Focusing on other aspects in proving the identity of women in societies help build fuller
and more complete and real individuals.
Margret Fuller, one of the main feminists in the nineteenth century, focused in her
Woman in the Nineteenth Century (1845) on the emotional intuitive side of knowledge
away from the mechanistic view of the Enlightenment rationalists. What might be
advantageous in Fullers argument is that she doesnt call for having women as rulers but
deal with them as ...a nature to grow, as an intellect to discern, as a soul to live freely
and unimpeded, to unfold her powers... (49). Fuller, like Stanton, focuses on the kind of
knowledge that comes from within not from without which develops self-reliance, a goal

that Grimke aimed at as well. She also provides another concern that wasnt considered
during the Enlightenment age; loving relationships and connectedness to community,
which follows participating in public sphere and being part of social, political, and
cultural formations.
Then she relies on the fundamental basis of the age spirit, difference is power.
Fuller believes that the kind of differences women have as certain feminine qualities that
males lack make them distinctive in nature and powerful.

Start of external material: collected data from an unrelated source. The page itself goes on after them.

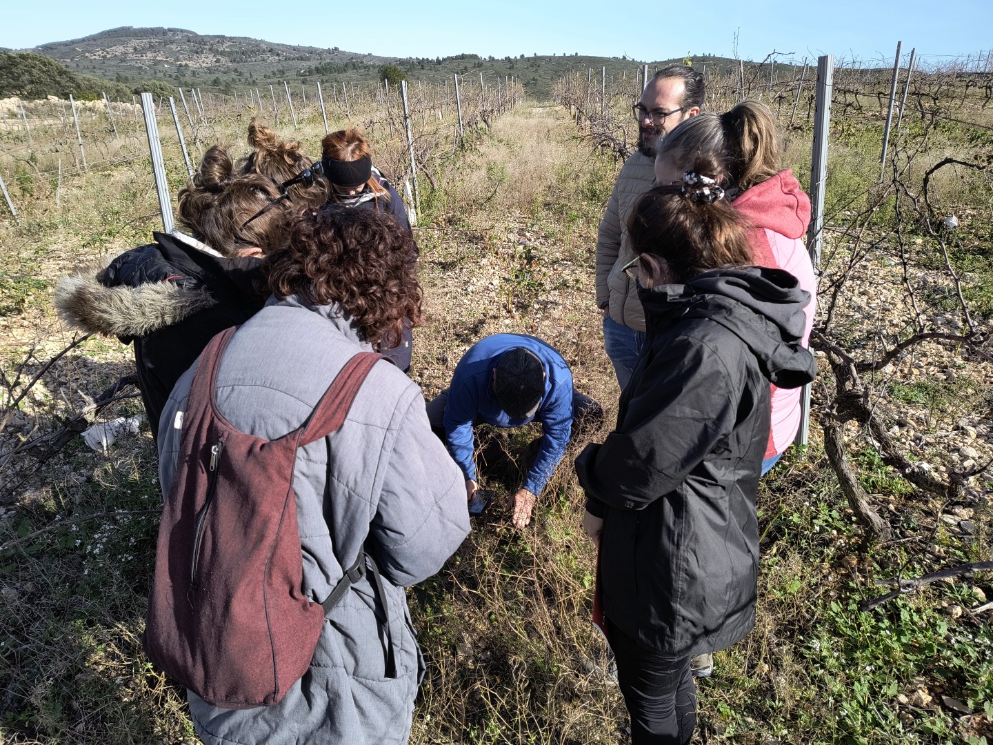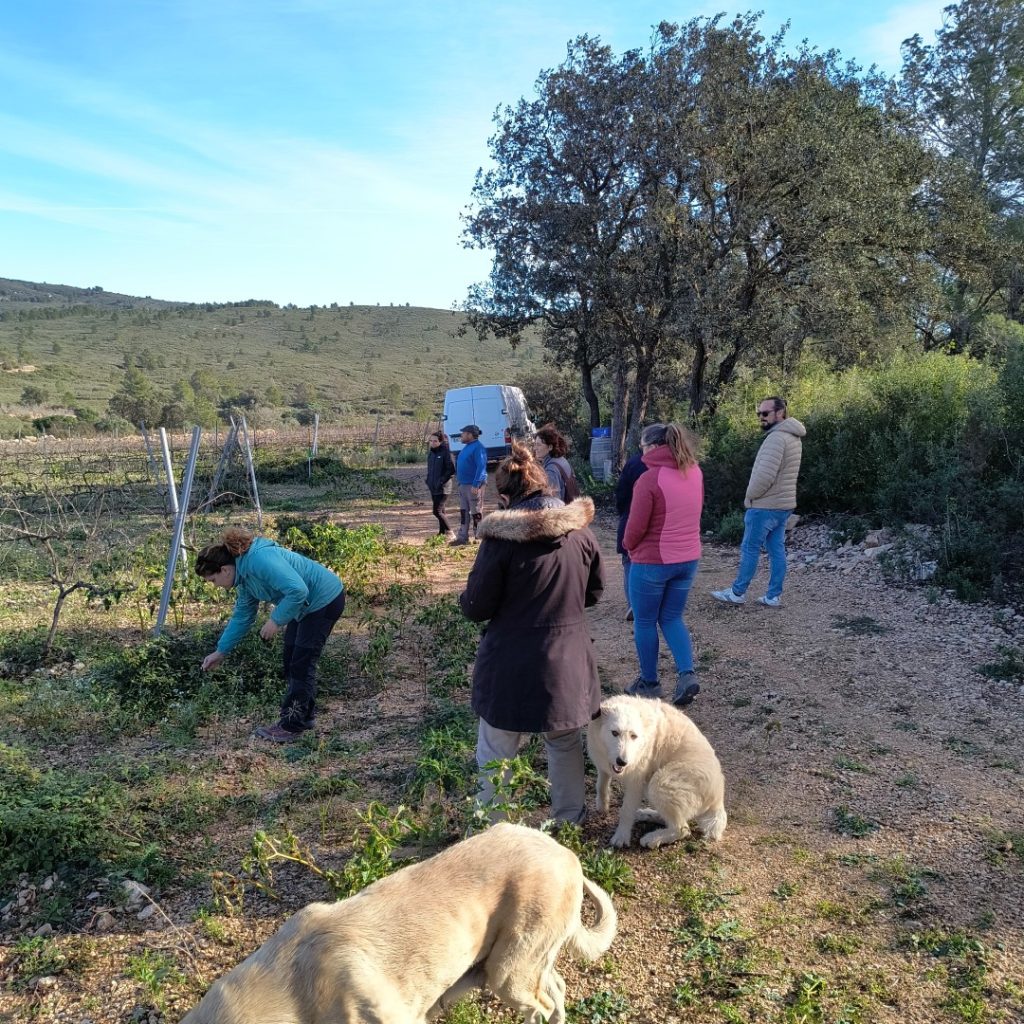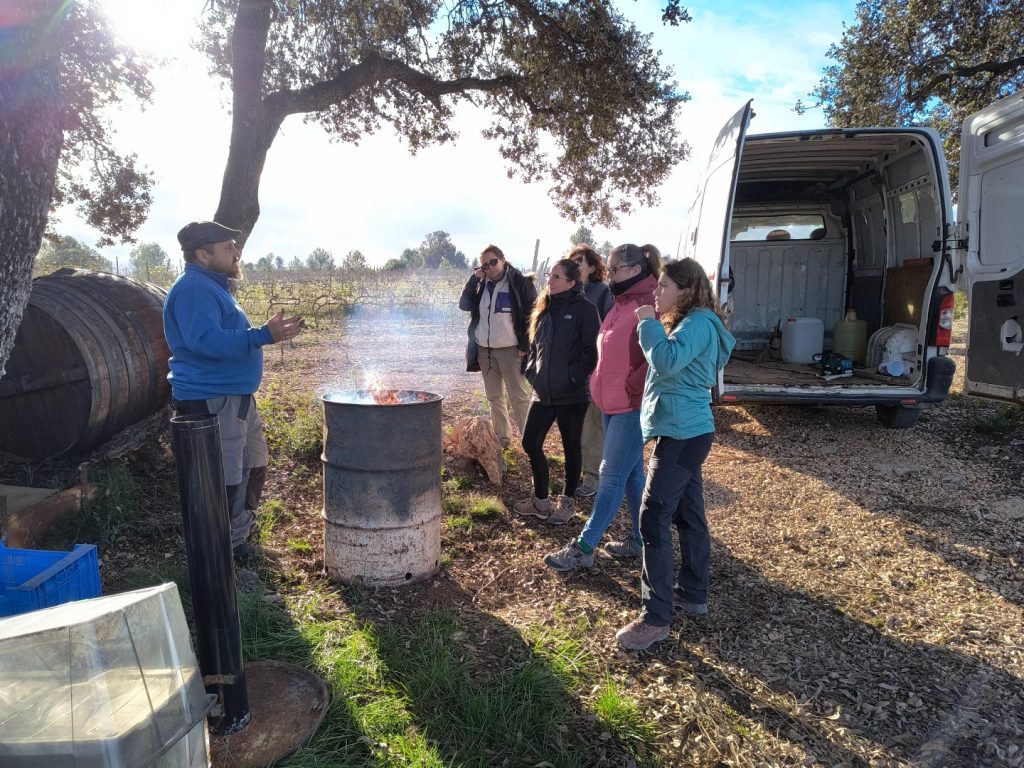 A media mañana, se realizó un almuerzo con la degustación de un vino regenerativo de la bodega Bellmunt i Oliver, donde se compartieron ideas sobre soluciones a problemas actuales de nuestra finca modelo y se compartieron experiencias personales de los participantes.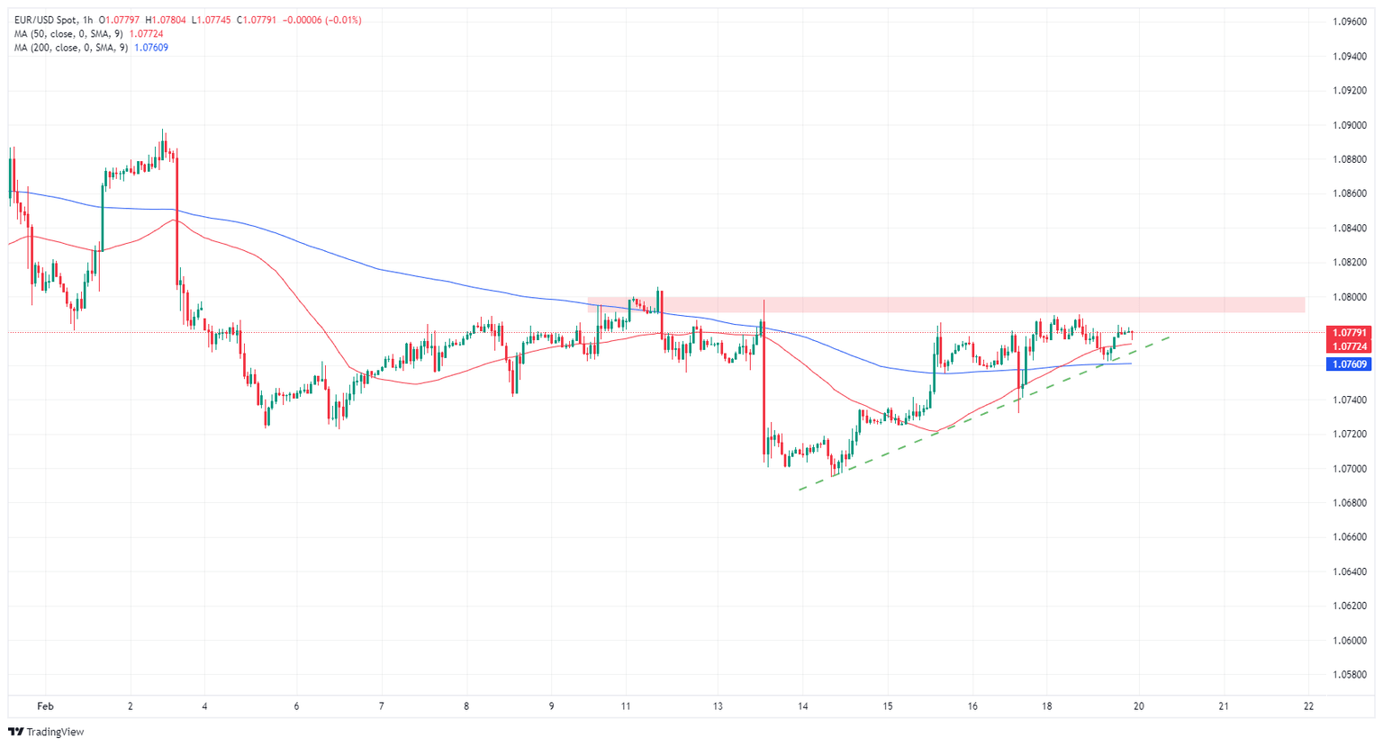 EUR/USD remains pinned below the 1.0800 handle as the pair struggles to develop momentum after finding a fresh low last week near 1.0700. Intraday technical action is getting hampered by the 200-hour Simple Moving Average (SMA) near 1.0760, and a near-term technical ceiling is priced in near 1.0790.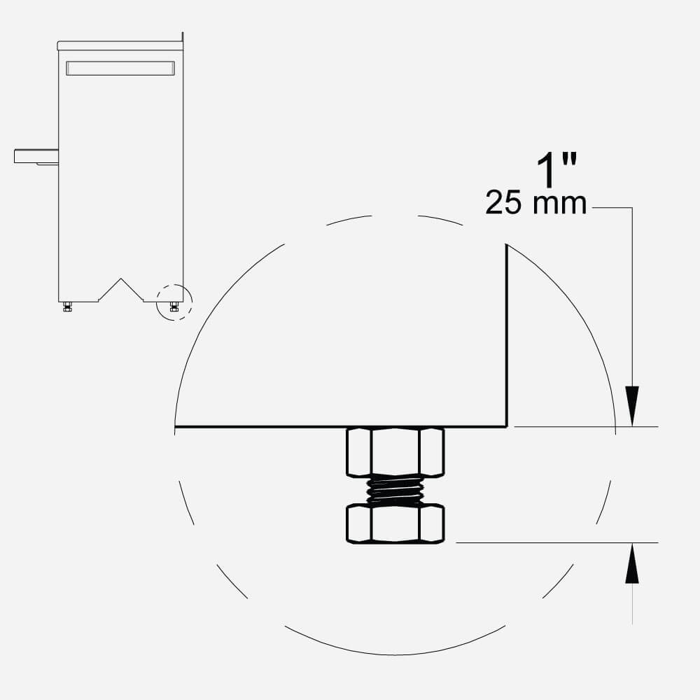 This provides an adjustable locking foot on Acorn SFDD Desk when specified.
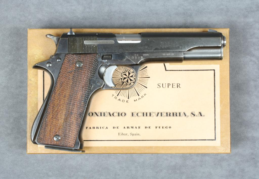 Star Model Super semi-auto pistol, import  marked with Interarms cardboard shipping box,  9mm cal., 5” barrel, blue finish, checkered  wood grips, extra magazine and instructions  manual, #10823. This gun is in overall goodcondition showing the majority of a flat  black re-finish, very good bore, action,  markings and grips.  Est.:  $150-$300.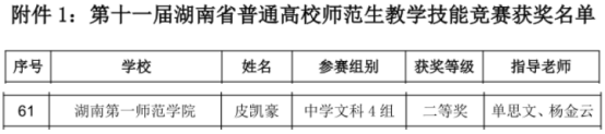 近日,湖南省教育厅正式公布“第十一届湖南省普通高校师范生教学技能竞赛”获奖名单,麻豆视频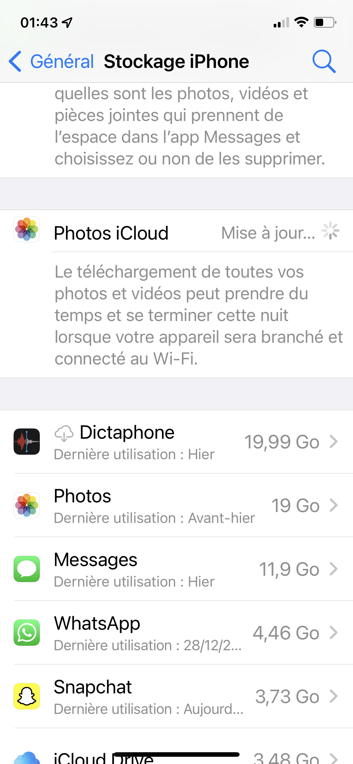 Bonjour, mon application Dictaphone sur iPhone 12 utilise 20 GO de stockage alors que j’ai supprimé tous les enregistrements. J’ai essayé de décharger l’application et même de la supprimer mais cela ne change rien… avez vous une idée ?

However, these differences
would be useless if not discovered and well improved; were they free, were they wise
fully to develop the strength and beauty of Woman, they would never wish to be men, or
manlike (50).
So many other feminist appeared along history in an attempt to fill gaps missed by
the previous ones. But as for those I have discussed above, I think that they used different
sources or bases upon which they built their argument in a way that they were fit to the
age. They also tackled different aspects of the woman; her physicality, mentality,
spirituality and personality; a coincidence that brought to woman almost full complete
view of how to develop her in different aspects of life.

Sources:
-

Josephine Donovan: Feminist Theory: The Intellectual Traditions.